Data entries
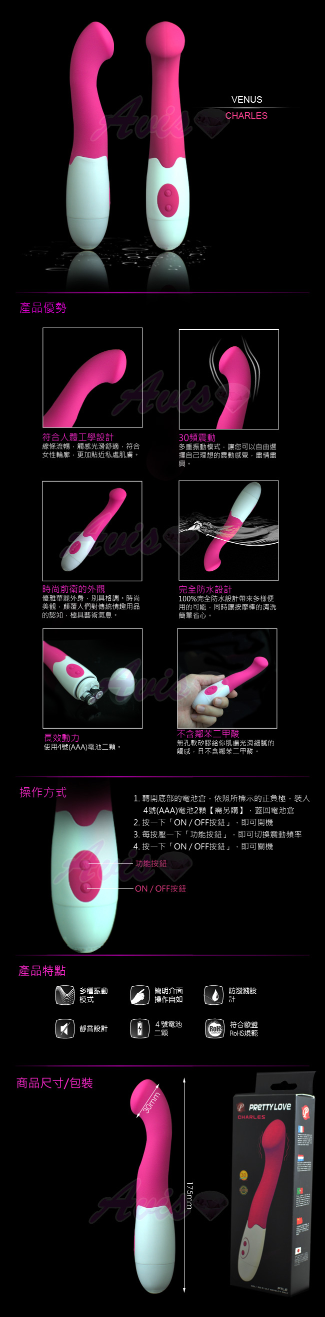 查理斯30段變頻震動G點按摩棒-專為女性量身訂製頭部獨創彎曲形狀設計
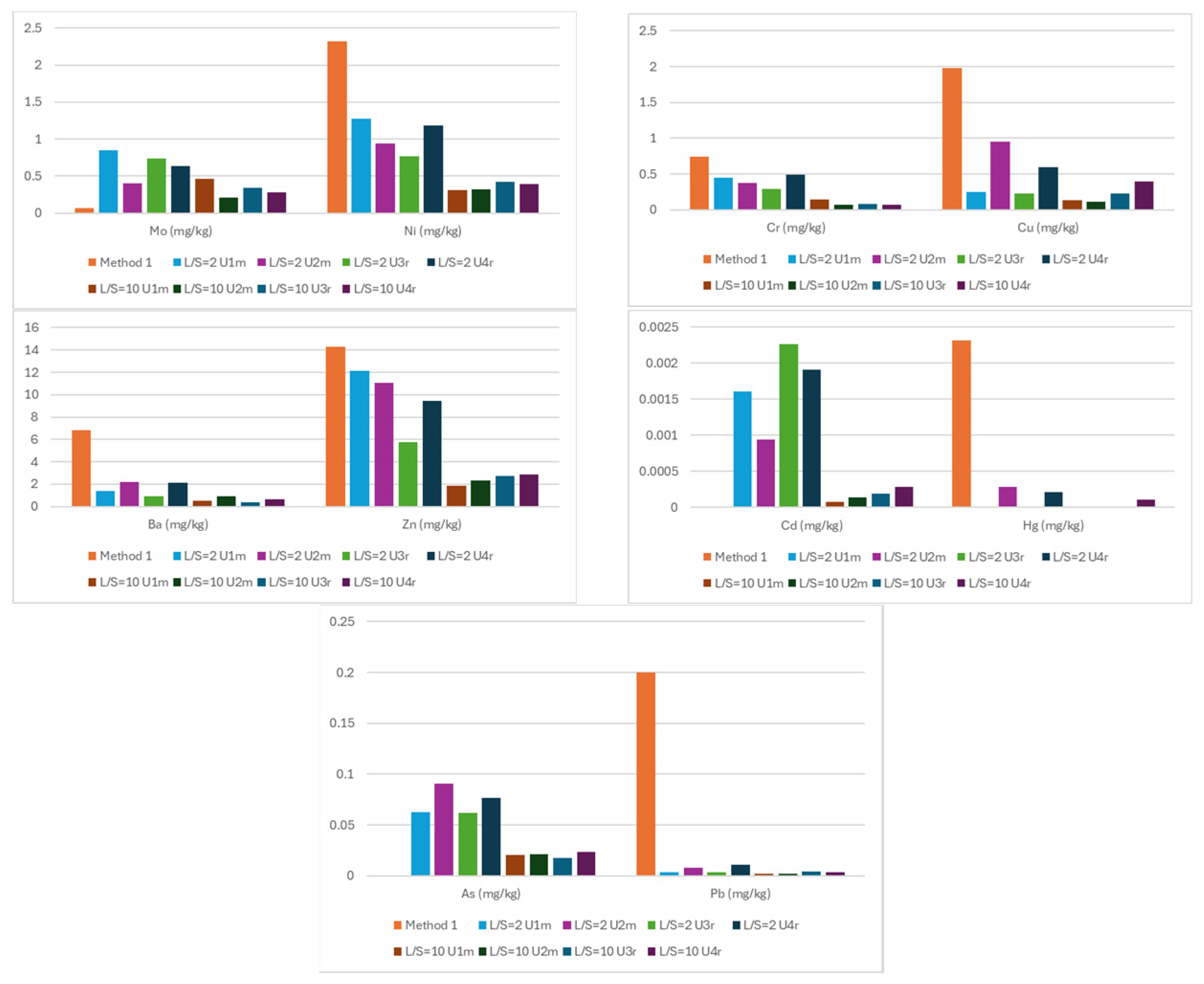 | Sample | Method 1 | L/S = 2 U1m | L/S = 2 U2m | L/S = 10 U1m | L/S = 10 U2m | L/S = 2 U3r | L/S = 2 U4r | L/S = 10 U3r | L/S = 10 U4r | Max Limit Value [7] |
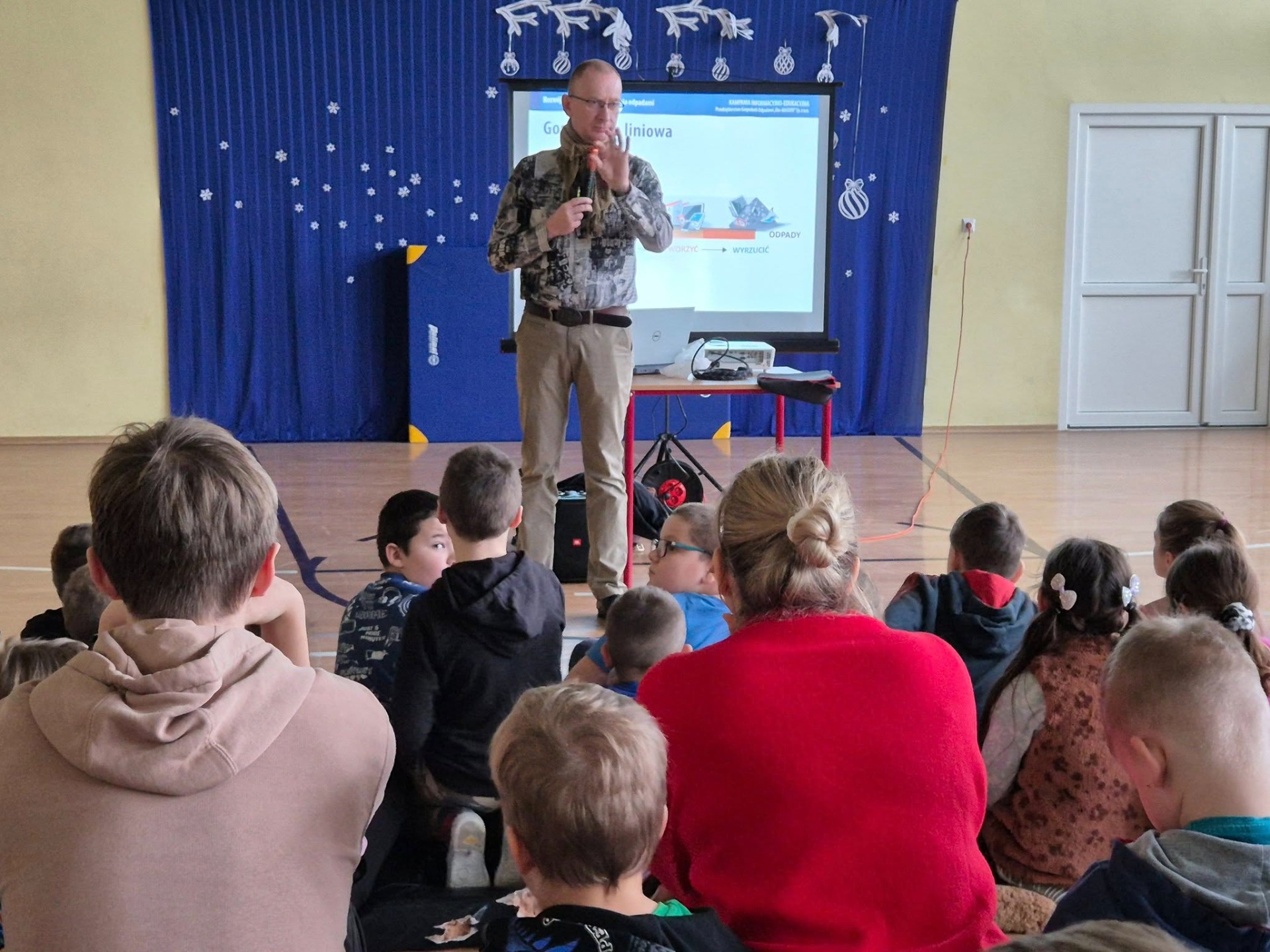 Dziś mieliśmy przyjemność gościć przedstawiciela przedsiębiorstwa Eko Mazury, który opowiedział nam o ochronie środowiska i zasadach prawidłowej segregacji odpadów.
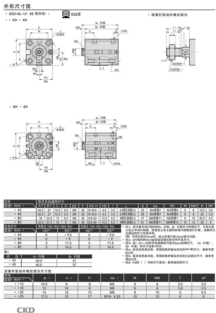 SSD-M-12-5,SSD-ML-12-5,SSD-ML1-12-5,SSD-ML-63-50,SSD-M-63-50,CKD超紧凑型气缸
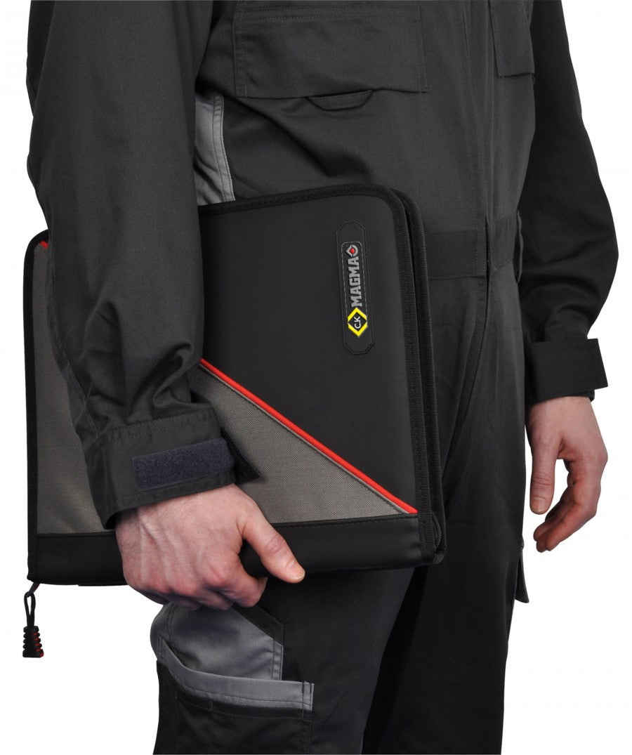 This professional organiser has a convenient interior segmentation with an A4 portrait pad, business card compartments and dual pen holder that will keep your contractor very tidy and save time and frustration.Tote tool bag features
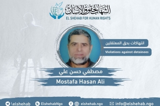 وثق مركز الشهاب لحقوق الإنسان اليوم السبت إضراب معلم من ذوي الاحتياجات الخاصة عن الطعام لليوم الرابع بعد القبض عليه تعسفيا في الشرقية. وذكر المركز أن المعتقل مصطفى ...

- What to produce
Since the pictures are not part of the copy, please transcribe only the lines above from the one with "Value [7] |" through the one with "This professional organiser", exactly and with both ends.

- Result for this exercise
 | Sample | Method 1 | L/S = 2 U1m | L/S = 2 U2m | L/S = 10 U1m | L/S = 10 U2m | L/S = 2 U3r | L/S = 2 U4r | L/S = 10 U3r | L/S = 10 U4r | Max Limit Value [7] |
 Dziś mieliśmy przyjemność gościć przedstawiciela przedsiębiorstwa Eko Mazury, który opowiedział nam o ochronie środowiska i zasadach prawidłowej segregacji odpadów.
 SSD-M-12-5,SSD-ML-12-5,SSD-ML1-12-5,SSD-ML-63-50,SSD-M-63-50,CKD超紧凑型气缸
 This professional organiser has a convenient interior segmentation with an A4 portrait pad, business card compartments and dual pen holder that will keep your contractor very tidy and save time and frustration.Tote tool bag features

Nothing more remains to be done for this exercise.